Saddle a two-wheeler under the magnificent shadow of the Gateway Arch — specifically, at the intersection of Leonor K. Sullivan Boulevard and Biddle Street, the exact point where the locally maintained Riverfront Trail segues into the Mississippi River Trail, governed by a multistate consortium from Minnesota to Louisiana. Point the bicycle due south, and pedal. Through the gaping maw of woebegone industrial relics you'll pass, but only for a mile or two; remind yourself that everything old does ultimately turn new again, and that while this territory awaits its urban revitalization, there's a certain Langston Hughes charm about it. Eventually the trail (which is not always a trail per se; it does take to a few city streets, as noted by the maps accessible on the MRT Web site) will take you past the pocket parks of Lyon, Minniewood and Bellerive before depositing you on South Broadway. Before long you're skirting Jefferson Barracks County Park. You might contemplate seeing the trail all the way to its conclusion in New Orleans — but you've got to start heading back: Your city of St. Louis still wants you.
Like you, dear reader, most of the time we're too busy shopping, eating out, drinking wine and watching Law & Order to even think about going on a hike, much less weigh the options of where. That's why we love Rockwoods Reservation. This forested haven offers seven trails for the hiking one of which is only 300 yards long! If the tiny trail is nice for a stroll between episodes, the Trail Among the Trees is the tops. It's a one-and-a-half-mile meander, and if you pick up a brochure before you start, you'll be well versed in all items of interest along the way. Try to find the hidden cave on the first half of the trail; it will provide a cool breeze and challenge your sense of adventure. The less courageous needn't worry about the path being too treacherous sometimes stairs and bridges help you along. (Note to the genuinely intrepid: Rockwoods offers some longer, non-interpretive trails for y'all, too.)

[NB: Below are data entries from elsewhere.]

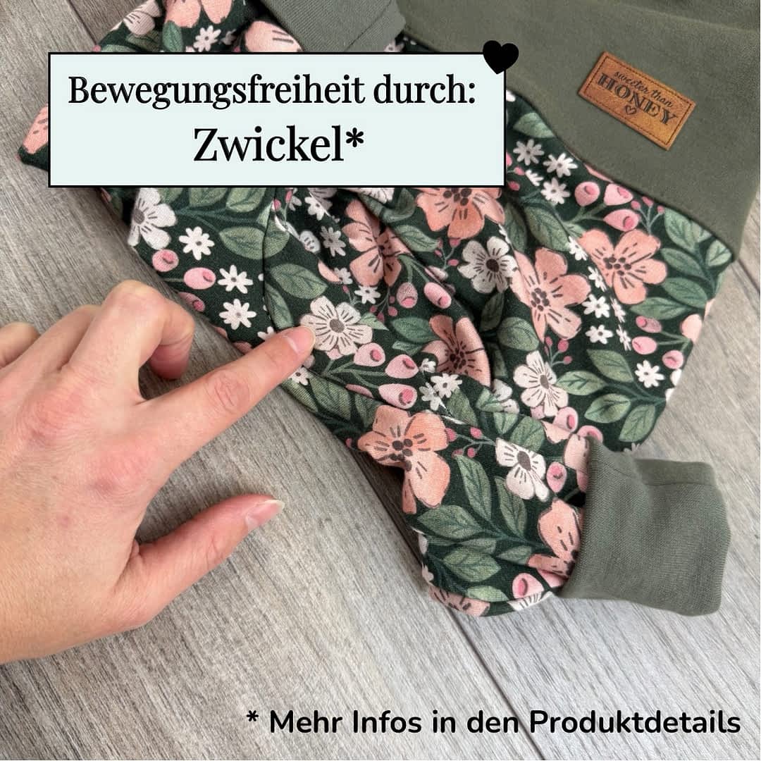 Ich kombiniere die Bündchen und den Kombi-Stoff (bei zweifarbigen Stramplern) harmonisch passend zu deiner Stoffwahl.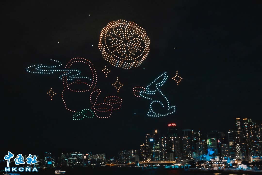 9月17日,香港旅遊發展局在灣仔海濱場地對出海面上演以中秋節慶為主題的無人機表演。1000架無人機在維港上空呈現多幅具有中秋意境的動態畫面,包括傳統造型兔子燈籠、月餅、火龍等,更有熊貓和玉兔一同賞月的圖案,吸引大批香港市民前來觀賞。(香港中通社記者 謝光磊攝)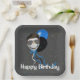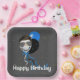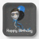 Man's smiling face with hair and aviator sunglasses on party balloons and confetti for a birthday party.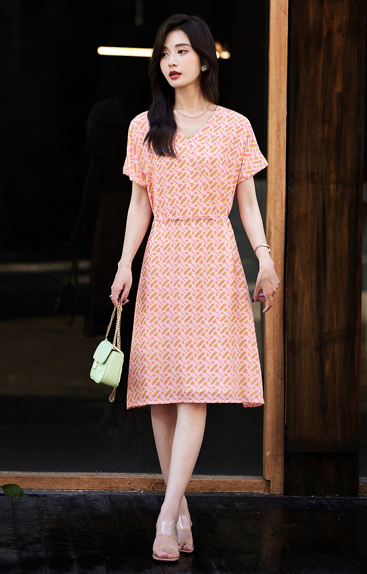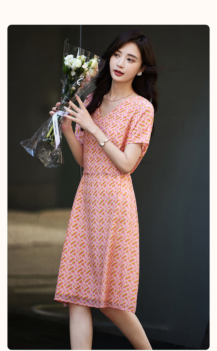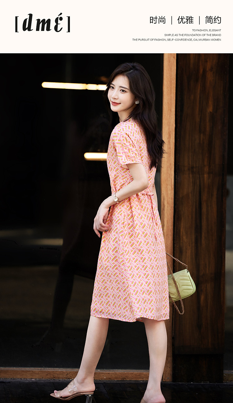 商品名称:【流光之夏】夏高阶感桑蚕丝真丝抽绳藏肉好搭女式连衣裙 723201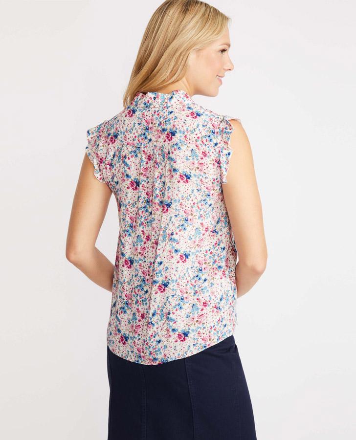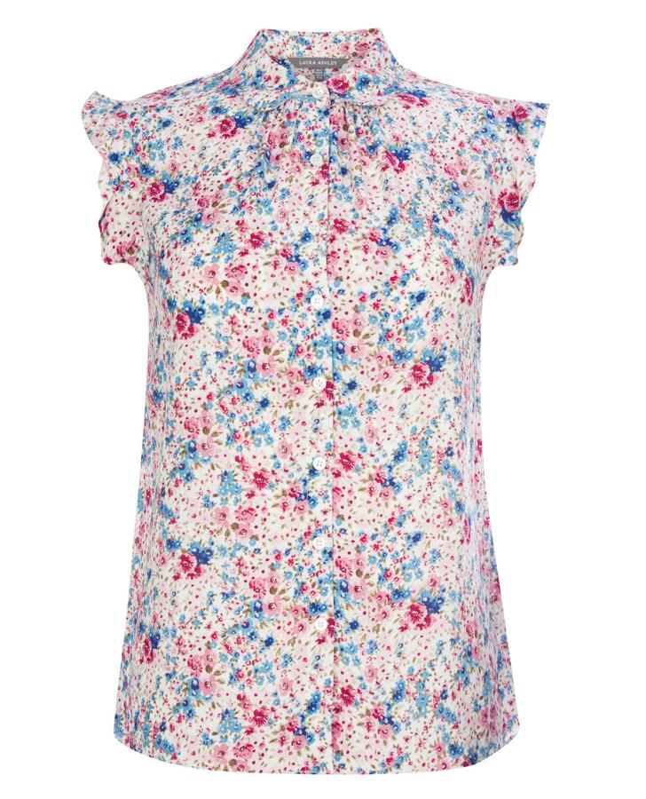 The pretty ditsy print of our Floral Peter Pan Collar Ruffle Blouse is a burst of colour in any wardrobe. The delightful peter pan collar is a playful favourite that brings new life to work looks and feminine charm to casual outfits. Ruffled sleeves complete the piece for throw-on comfort that celebrates colour.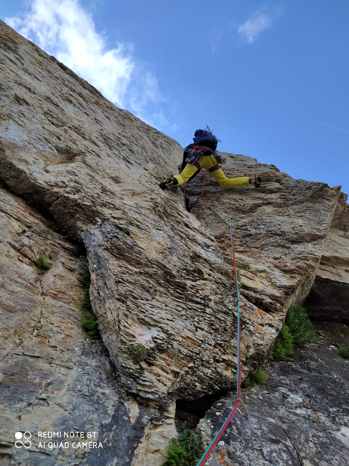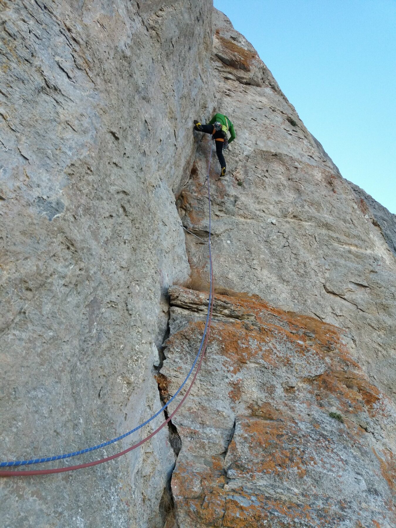 - L9 35 mt pancette e risalti con passo difficile (7a+ ) poi bel diedro ammanigliato, un po’ di erba all’inizio. (6b) fino all’uscita dal pilastro: 9 fix, friend medio piccoli.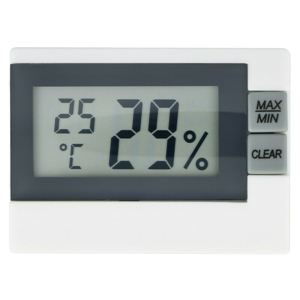 Ce petit thermo-hygromètre TFA est super pratique pour surveiller le climat chez toi ! Il affiche température et humidité, avec des smileys pour te dire si c'est confortable ou pas. Fonction max/min, aimant au dos pour le fixer sur le frigo, et 4 modes : maison, instruments de musique, terrarium ou humidor. Parfait pour éviter la moisissure, protéger tes instruments ou prendre soin de tes plantes/animaux. Précis et facile à utiliser !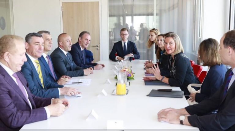 Zëdhënësja e Komisionit Europian për Politika Fqinjësore dhe Negociata të Zgjerimit, Maja Kociancic, i ka publikuar dy fotografi në llogarinë e saj në “Twitter”, ku shihet delegacioni i Kosovës në takim me përfaqësuesen e lartë të BE-së, Federica Mogherini.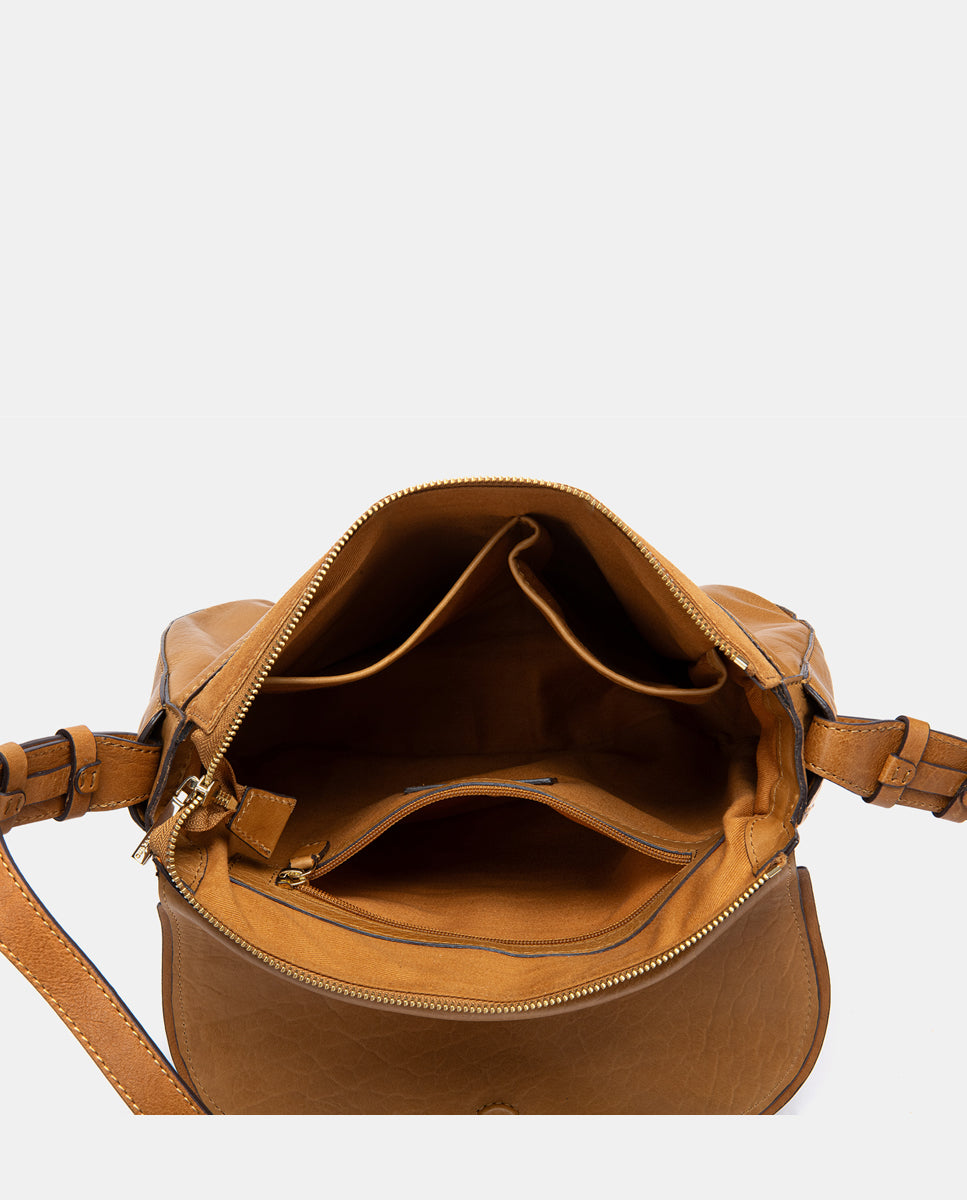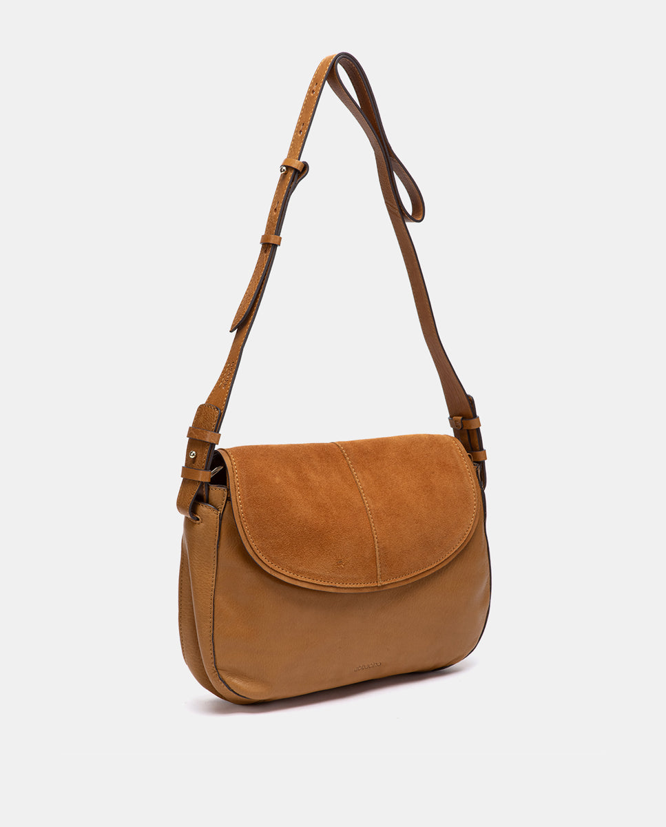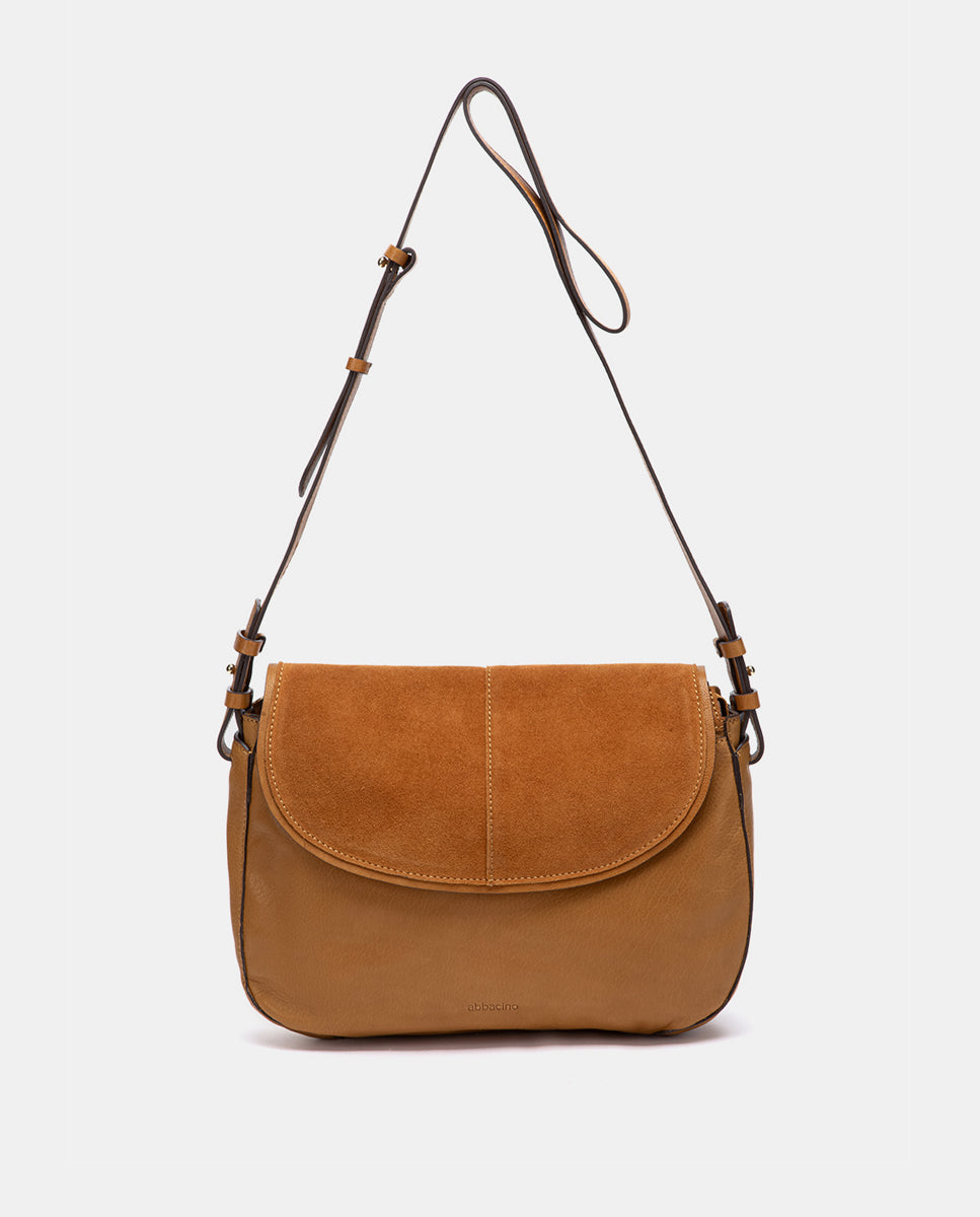 Bandolera en piel y serraje que combina elegancia y funcionalidad. Sus principales características son: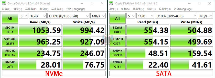 직접 유그린(UGREEN) M.2 SSD 케이스르 사용해봐야겠죠. 앞서 언급했듯이 USB 포트는 USB 3.2 Gen2 규격까지 지원합니다. 이 규격은 요즘 노트북이나 데스크탑PC에선 대부분 지원하는 규격이죠. 그리고, 케이스에 장착되는 SSD 인터페이스 규격 역시 제품박스에서 확인했듯이 NVMe와 SATA 둘 다 지원합니다. 그래서, NVMe SSD와 SATA SSD 모두 벌갈아 가면서 장착해 전송속도를 확인해봤는데, NVMe SSD는 이 제품에서 지원하는 최대 10Gbps 속도를 보여줬고, SATA SSD는 원래 SATA SSD가 발휘하는 최대 속도 500MB/s대를 그대로 보여줍니다. 그래서, 케이스의 성능은 둘 다 만족스럽다 할 수 있죠.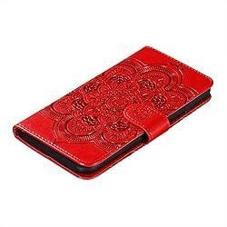 IMEIKONST Funda para LG Velvet 5G Embossed Libro de Cuero Billetera Premium Phone Case Flip Folio Card Slot Holder Magnetic Stand Funda para LG G9 Velvet Mandala Red LD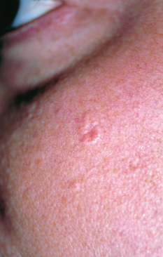 <p>A 53-year-old woman is concerned about this asymptomatic, slow-growing lesion on her left cheek, which she first noticed a few months ago. She denies bleeding or pain.</p>
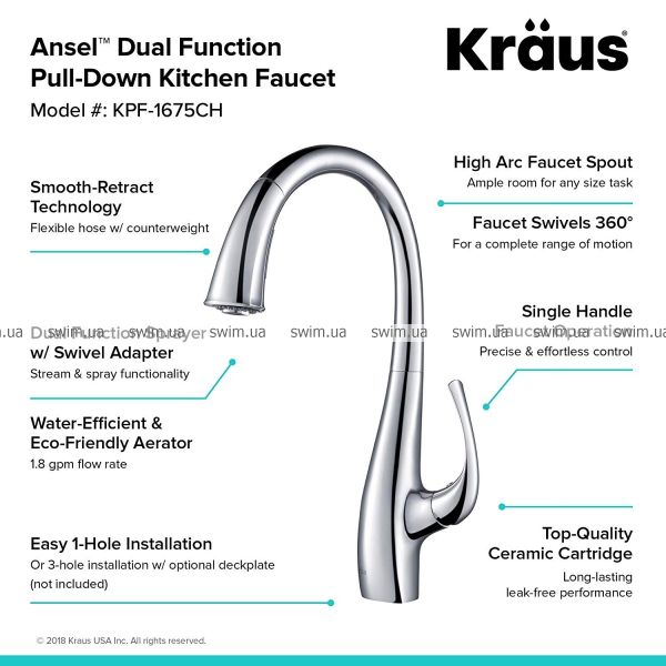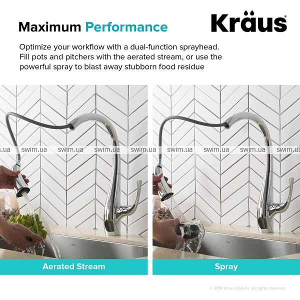 Модернизируйте свою кухню с помощью элегантного крана с выдвижным душем KRAUS Ansel ™, оснащенного двухфункциональной распылительной головкой с гибким шлангом и поворотным адаптером, который обеспечивает легкое перемещение по всей мойке.

The best jogging route is the one you map out for yourself. For the purposes of this contest, let's say the best jog nowadays is the Downtown St. Louis Jog, and you can map your own route. Though your aim is to release endorphins and hunkify your calves, you also want to see what's going on, who's on the street, who's on the street with a dog, what's in the galleries, what outrage Bob Cassilly has perpetrated, which old building is being revitalized, which new building is filling up. So: Begin at the Milles Fountain across from Union Station and make your way north to Washington Avenue. Head east; when you reach the Eads Bridge (which Walt Whitman called a "structure of perfection and beauty unsurpassable"), cross it, availing yourself of the sidewalk on the south side so you can take long, luxuriant ganders at the Arch. Touch toe to Illinois (so you can tell your friends your running often involves two states) and then head back across the bridge. When you get to the Missouri side, hang a left and run through the Arch grounds. Be careful crossing the perilous Memorial Drive into Luther Ely Smith Park. Soak in the sight of the Old Courthouse, then follow Market Street west back to the fountain and cool off. Cool fountain spray is one reward. The other is the mental movie you've made of a town on the mend, shot from a runner's intimate perspective.